[SystemZ] Simplify handling of AtomicRMW instructions. #74789

JonPsson1 · 2023-12-08T00:22:28Z

Let the AtomicExpand pass do more of the job of expanding AtomicRMWInst:s in order to simplify the handling in the backend.

The only cases that the backend needs to handle itself are those of subword size (8/16 bits) and those directly corresponding to a target instruction.

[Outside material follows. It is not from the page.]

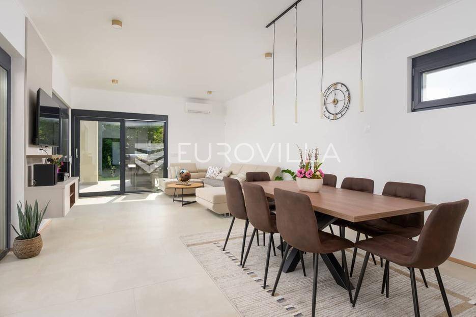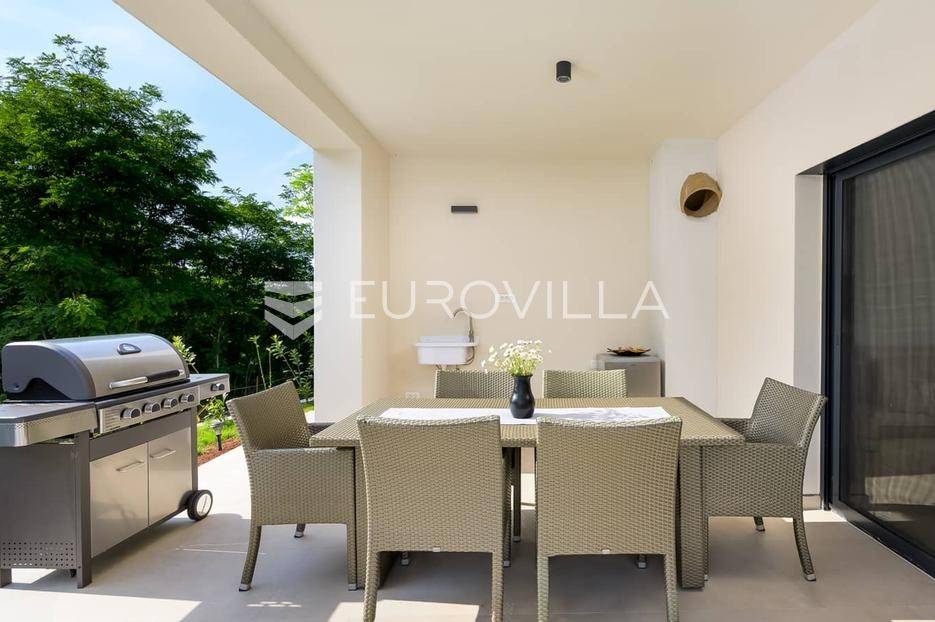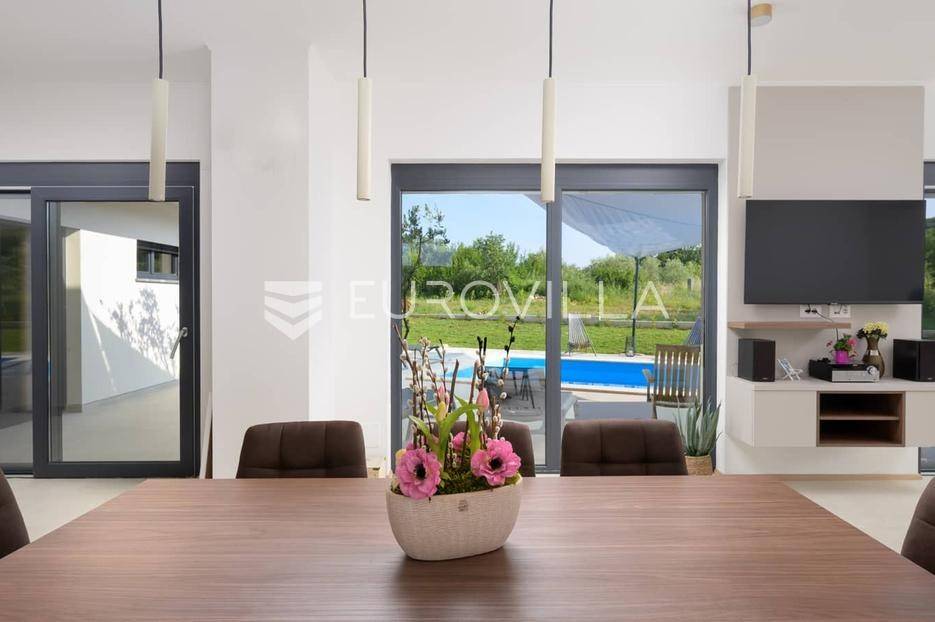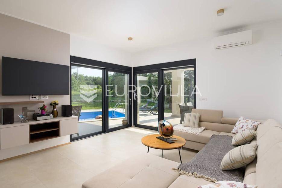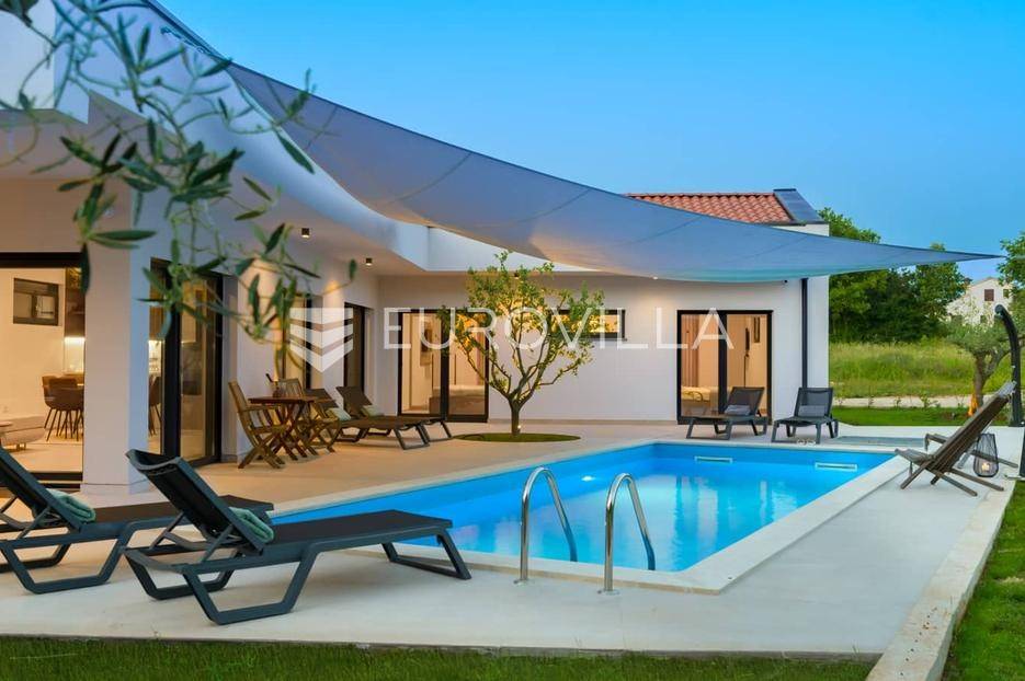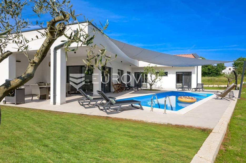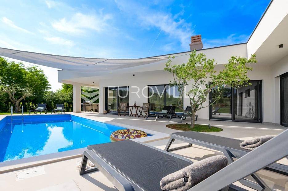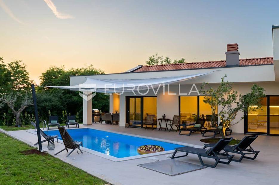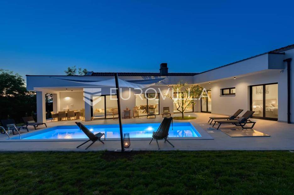 Istra, Matohanci, smještena u istarskom selu, svega nekoliko kilometara od šarmantnog Rovinja na prodaju prodaje prizemnica bruto površine 188m2 na zemljištu od 549m2 s grijanim bazenom i 3 spavaće sobe.Zatvorene površine 139m2, kuća raspolaže s 3 prostrane spavaće sobe i 2 moderno uređene kupaonice, vešeraja te kuhinje, blagovaone i dnevnog boravka otvorenog tlocrta. U središtu imanja nalazi se privatni grijani bazen, okružen zelenilom i udobnim prostorom za sunčanje i večernja druženja.Kuća je opremljena podnim grijanjem na dizalicu topline dok se hlađenje vrši putem Daikin klima uređajima.Za više informacija stojimo vam na raspolaganju

Tests updated with some codegen changes for z10 that are hopefully ok. The min/max and nand tests are not run for later cpus and should also be relevant for them. One thing noted is that the IfConverter now fails to produce a CondReturn in the min/max tests. Some tests that seemed to test different immediate instructions now get a different codegen which should be correct,
even though perhaps some of the testing done is now redundant.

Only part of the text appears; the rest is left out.